Matthew Bucksbaum would serve the Army Air Force in World War II, working as a cryptographer in the Pacific Theatre. He later earned a degree in economics from the University of Iowa, then went to work in his family’s grocery business before becoming a major developer of shopping malls.
Meanwhile, as a married couple they would continue visiting Aspen and build a home downtown, in the mid-1950s. Their daughter, Ann, was born in 1954 and their son, John, in 1956.
The Bucksbaums ultimately would build a home on 16 acres of property on Willoughby Way, which “became the center of three generations of Bucksbaum lives,” reads the Aspen Hall of Fame website.

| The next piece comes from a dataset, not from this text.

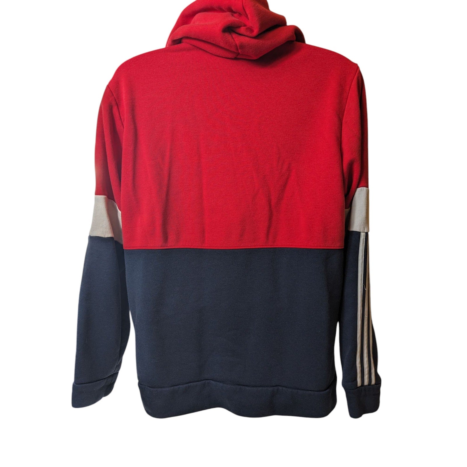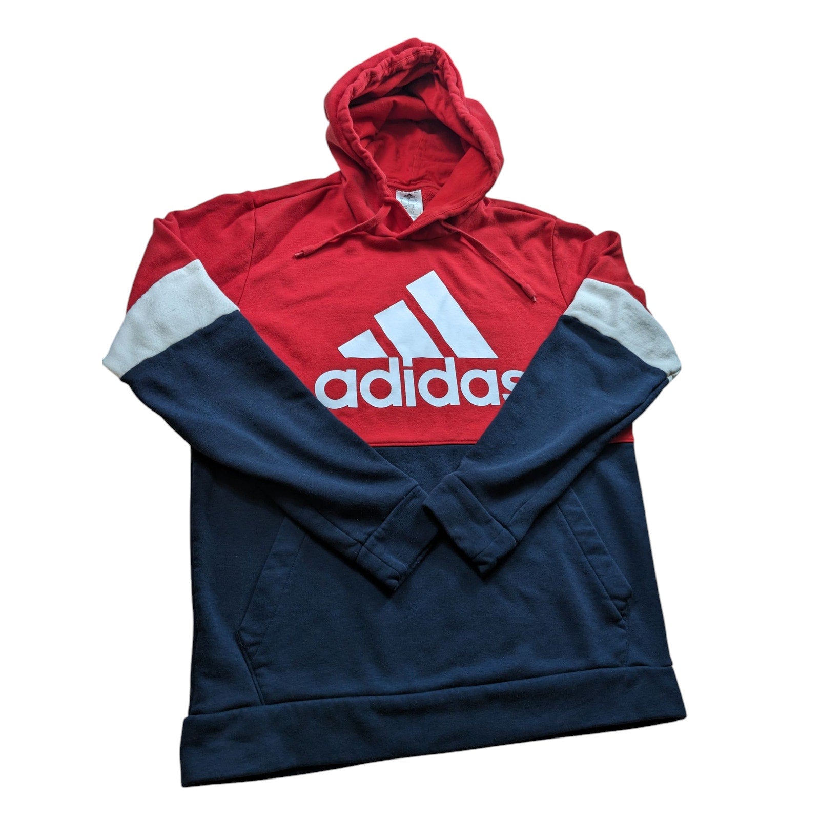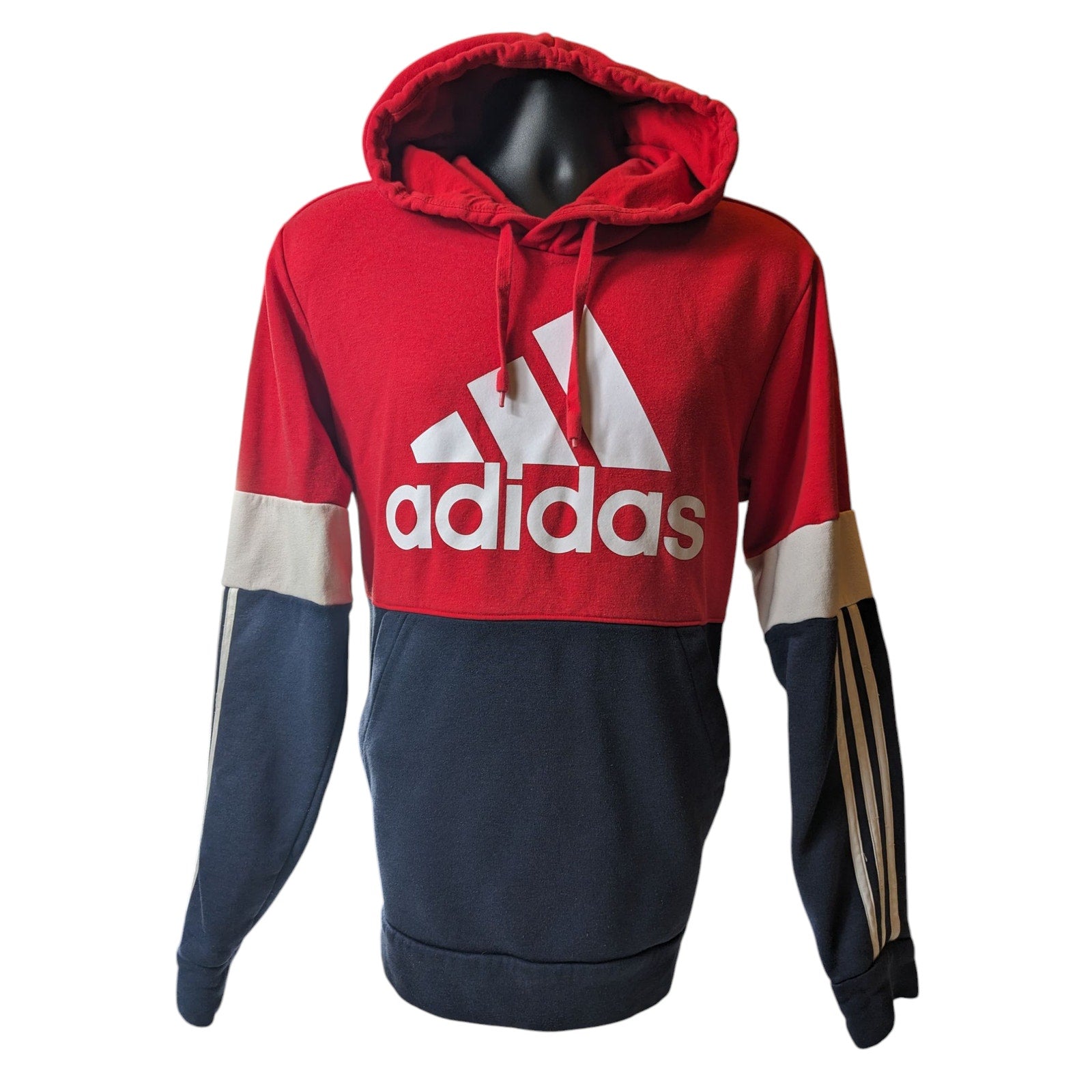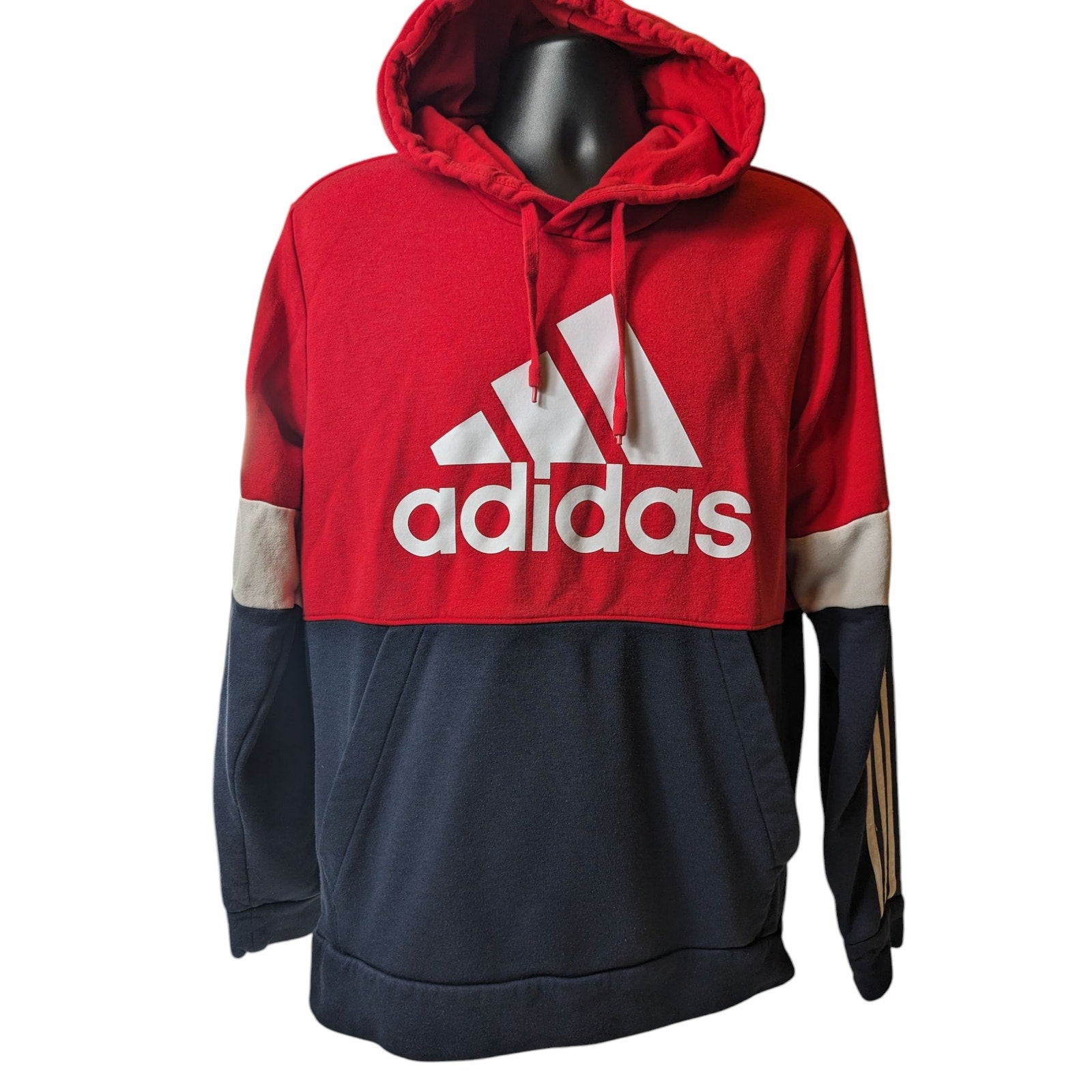 Adidas Hoodie Mens Medium-Large Red Navy Colorblock Pullover Sweatshirt Logo Streetwear Drawstring Kangaroo Pocket

The couple’s volunteering and philanthropy also extended to both being fellows of the Aspen Institute, and supporters of Aspen Center for Environmental Studies, Anderson Ranch, Aspen Santa Fe Ballet, Aspen Historical Society, and Aspen Valley Hospital Foundation.
“For over 65 years, the Bucksbaum family has enjoyed a love affair with Aspen, and their love for their adopted home has tremendously benefited Aspen, Snowmass and the Roaring Fork Valley,” reads the Aspen Hall of Fame’s website.
They lived full-time in Iowa into their 70s. Matthew Bucksbaum died Nov. 24, 2013, at the age of 87.